To everyone wondering why those loud, obnoxious feminists are still protesting today: American women have had mostly-equal rights for less than 40 years out of the entire recorded history of the Western world, thanks to loud, obnoxious feminists like the ones marching and protesting in cities across the US as I type this. There is currently a considerable and disturbing push by some conservative/religious groups to revert some of our hard-fought rights and freedoms to what they were back when we were considered property more than people.
To outline some of the injustices American women face, in case you're wondering what's wrong with our current set of rights and freedoms:
1 in 5 women will be sexually assaulted or raped during her lifetime. Of those, fewer than 1/3 are reported to police.
For every 1000 women who are raped by men, 994 of the men who rape them will never see the inside of a jail cell for that crime.
As of 2014, US police departments had 400,000 untested rape kits sitting around, gathering dust.
31 US states allow a rapist to sue for custody of a child conceived during that rape, and most of those states will not allow the mother to give the child up for adoption unless the rapist father is notified and gives consent.
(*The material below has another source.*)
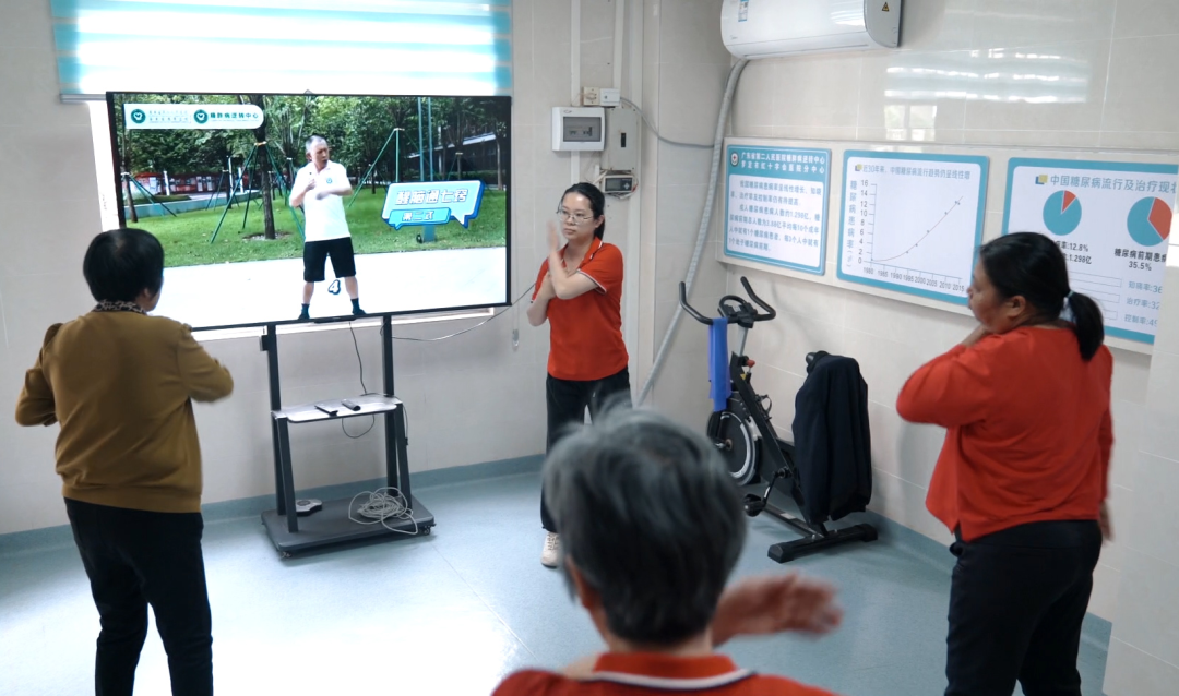 “先吃青菜再吃肉、蛋,最后再吃主食。无论根茎类主食还是杂粮饭、杂粮面等,都应最后进食。”中心医护人员在日常指导中反复强调科学饮食的重要性。通过每周健康讲座、谷根操教学及每月基层义诊,医护人员将健康知识转化为可操作的日常实践。“我把一日三餐的食谱发到微信群,医生教我如何营养搭配,做到均衡饮食,还带着我跳谷根操。”患者李姨分享道。

There are currently multiple bills in state senates which would also prevent a woman from aborting a child conceived by rape unless the father gives consent.
It is still an extremely common tactic for a rape trial to focus not on the rapist's crime, but on the entire sexual history of the female victim, what she was wearing, who she was with, whether or not she had been drinking, and often trying to coerce her into admitting it was consensual all along and she's just trying to save her reputation by calling it rape.
Rape is the only crime for which arguing that the temptation was too clear and obvious to resist is treated as an admissible and sometimes clearing defense.
1 in 3 women will experience domestic violence. 1 in 4 women will experience *severe* domestic violence.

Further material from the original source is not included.